**Goal of the exercise**: Copy out the lines beginning at the one with "Vestido Verde Metálico" and ending at the last line of the data, both included; pictures stay out.

Top of Source data

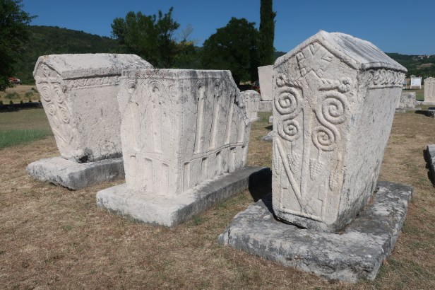 Spredt over det meste af Bosnien-Herzegovina er der nogle gamle kirkegårde fra middelalderen, der hernede bliver betegnet som nekropoliser. Det er nogle ganske store gravsten med udhugninger og relieffer, og de fineste har inskriptioner, der tydeligt fortæller, hvem der er stedet til hvile. En af landets største samlinger (ca. 135 sten) ligger ca. 30 minutters kørsel fra vores hytte, så dem kørte vi ned for at se i går.
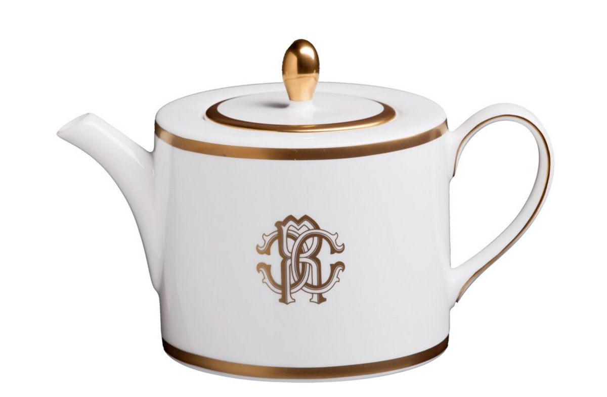 • Imbryk firmy Roberto Cavalli Home, z kolekcji Silk Gold został wykonany z wysokiej jakości porcelany kostnej. Odznacza się zewnętrzną powłoką, pokrytą złotem oraz monogramem wytłoczonym na zewnątrz Roberto Cavalli.
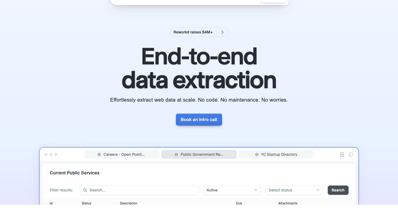 Reworkd automates the entire web data pipeline, end-to-end. It scans websites, generates code, runs extractors, validates results, and outputs data—all from one simple system.
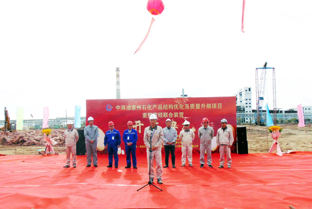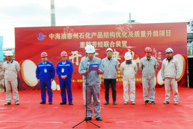 12月15日上午,广东直属项目经理部承建的中海油惠州石化产品结构优化及质量升级项目重整芳烃联合装置举行开工典礼。中海油惠州石化有限江南(中国)总经理夏强斌,以及设计、监理、施工单位领导参加开工典礼。江南(中国)副总经理赵亚明代表施工单位在开工仪式上致辞。中海油惠州石化有限江南(中国)总经理夏强斌宣布项目正式开工。
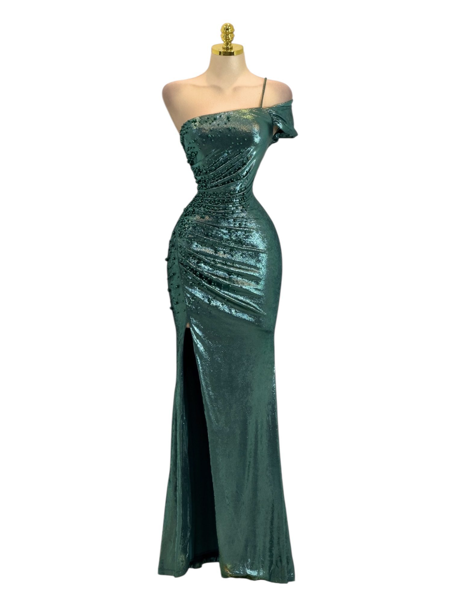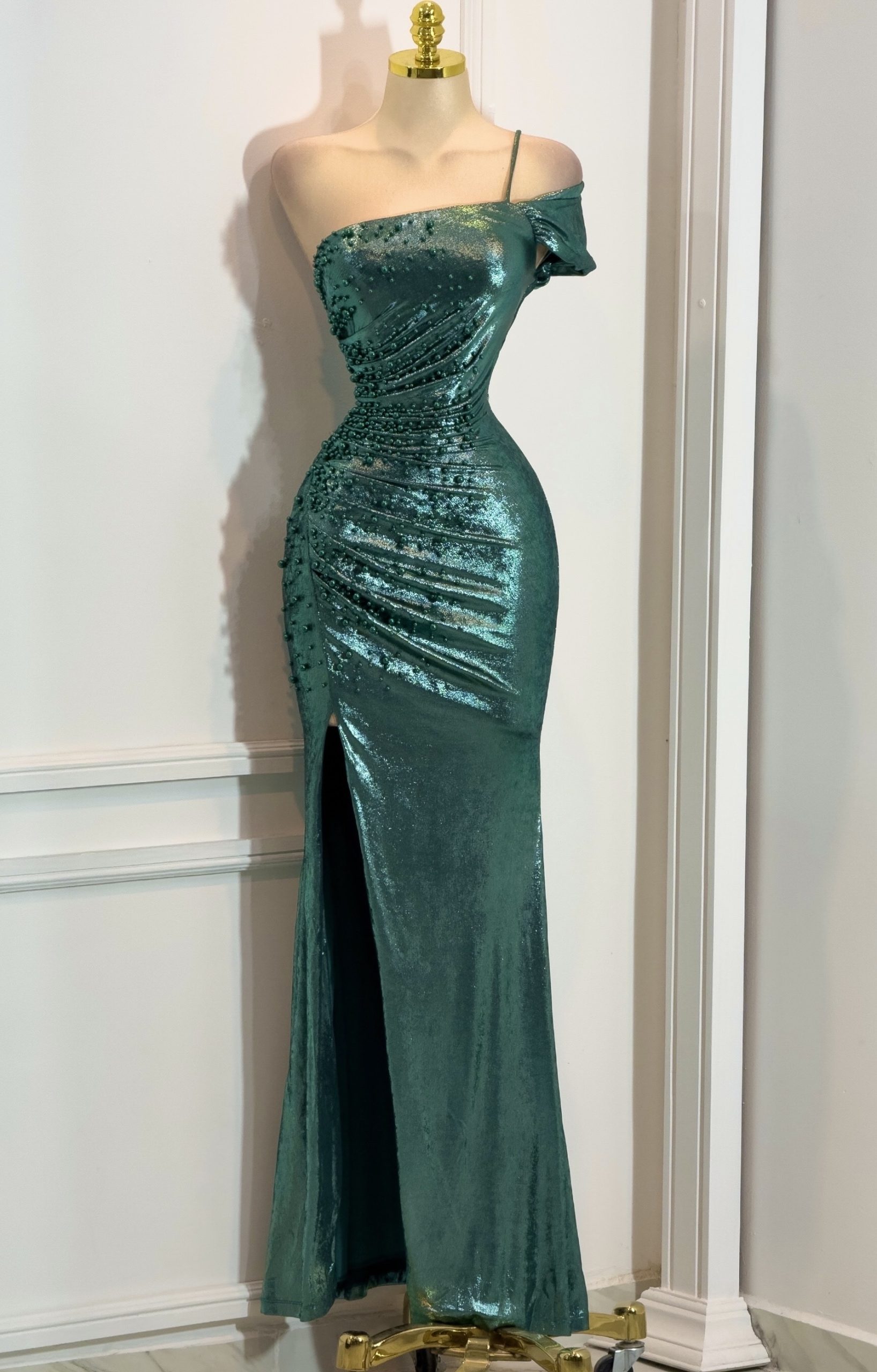 Vestido Verde Metálico Con Un Hombro Y Abertura Lateral
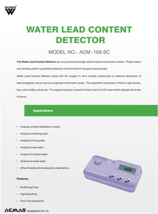 The document describes the Water Lead Content Detector Model ACM-158-SC, which is an economical single element lead concentration meter used to quantitatively detect lead content in liquid samples. It works with reagents to form colored compounds when electromagnetic waves are absorbed, which are detected by a silicon light source, lens, color bottles, and photocell. The signal processor displays lead levels on an LCD meter. It has a measuring range of 0.5-3.00 mg/L, uses the DPD method, and takes 3 minutes for analysis with features like no moving parts, high sensitivity, and low power consumption from a 9V battery.

Bottom of Source data

**Exercise result**:
 Vestido Verde Metálico Con Un Hombro Y Abertura Lateral
 The document describes the Water Lead Content Detector Model ACM-158-SC, which is an economical single element lead concentration meter used to quantitatively detect lead content in liquid samples. It works with reagents to form colored compounds when electromagnetic waves are absorbed, which are detected by a silicon light source, lens, color bottles, and photocell. The signal processor displays lead levels on an LCD meter. It has a measuring range of 0.5-3.00 mg/L, uses the DPD method, and takes 3 minutes for analysis with features like no moving parts, high sensitivity, and low power consumption from a 9V battery.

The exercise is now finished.